**PROBLEM TO WORK ON**
Would you return the data exactly as given, except for its pictures?

**EXERCISE DATA**
_ _ _

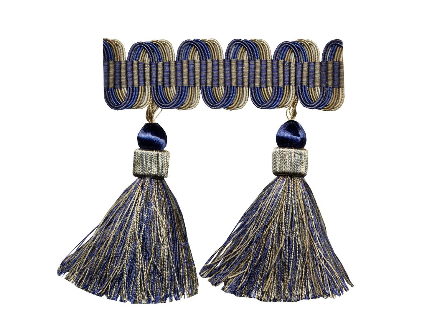 Бахрома с шариками и кисточками на средней тесьме из окрашенных нитей; ширина тесьмы - 30мм, длина шарика с кисточкой - 95мм; упаковка по 25м на картон
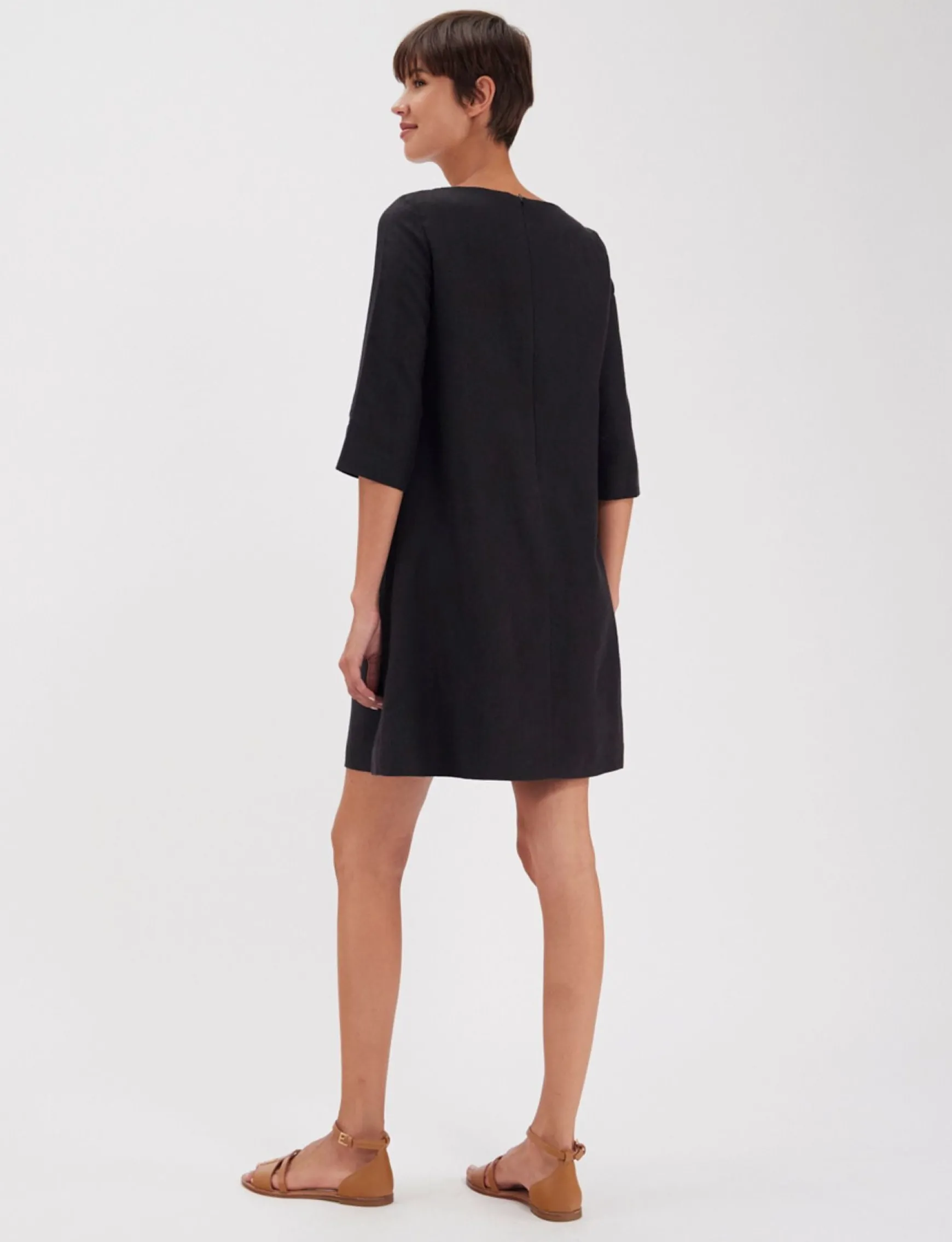 Megan is a very elegant dress that will be at the heart of your wardrobe, day or evening. It comes here in a 100% linen fabric that makes it surprisingly fluid and comfortable, with a very casual-chic elegance. Its trapeze shape is very casual-chic, creating a geometric silhouette that’s perfectly proportioned and harmonious, paying homage to the modernised style of the 60s.
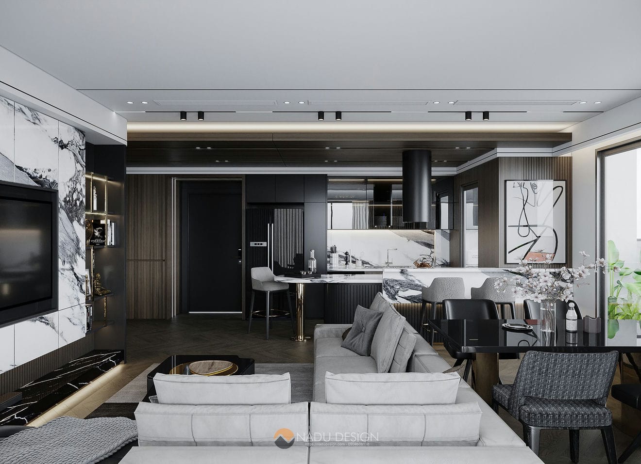 Designing a kitchen for a small apartment is a challenge that requires creativity and science to optimize space while ensuring full amenities. One of the most important factors is the choice of color. Light colors such as white, light gray, or pastel not only bring a more spacious feeling but also help reflect natural light better, creating an airy feeling. Combined with that, the use of smart furniture and multi-function equipment is indispensable. For example, an induction cooker combined with an oven, a built-in refrigerator, or a kitchen cabinet designed high to the ceiling will help maximize storage space without making the space cramped.
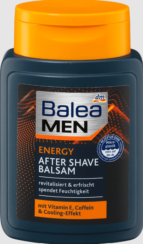 Balea MEN balzamas po skutimosi Energy su vitaminu E ir kofeinu suteikia naujos energijos pavargusiai odai. Jis ramina įtemptą vyrų odą ir turi drėkinamąjį bei gaivinantį poveikį. Balzamas suteikia gaivią, gyvybingą išvaizdą. Taip pat greitai susigeria nepalikdamas riebių likučių.” *Pakuotėje yra ne mažiau kaip 70% perdirbto turinio

_ _ _

**TASK SOLUTION**
 Бахрома с шариками и кисточками на средней тесьме из окрашенных нитей; ширина тесьмы - 30мм, длина шарика с кисточкой - 95мм; упаковка по 25м на картон
 Megan is a very elegant dress that will be at the heart of your wardrobe, day or evening. It comes here in a 100% linen fabric that makes it surprisingly fluid and comfortable, with a very casual-chic elegance. Its trapeze shape is very casual-chic, creating a geometric silhouette that’s perfectly proportioned and harmonious, paying homage to the modernised style of the 60s.
 Designing a kitchen for a small apartment is a challenge that requires creativity and science to optimize space while ensuring full amenities. One of the most important factors is the choice of color. Light colors such as white, light gray, or pastel not only bring a more spacious feeling but also help reflect natural light better, creating an airy feeling. Combined with that, the use of smart furniture and multi-function equipment is indispensable. For example, an induction cooker combined with an oven, a built-in refrigerator, or a kitchen cabinet designed high to the ceiling will help maximize storage space without making the space cramped.
 Balea MEN balzamas po skutimosi Energy su vitaminu E ir kofeinu suteikia naujos energijos pavargusiai odai. Jis ramina įtemptą vyrų odą ir turi drėkinamąjį bei gaivinantį poveikį. Balzamas suteikia gaivią, gyvybingą išvaizdą. Taip pat greitai susigeria nepalikdamas riebių likučių.” *Pakuotėje yra ne mažiau kaip 70% perdirbto turinio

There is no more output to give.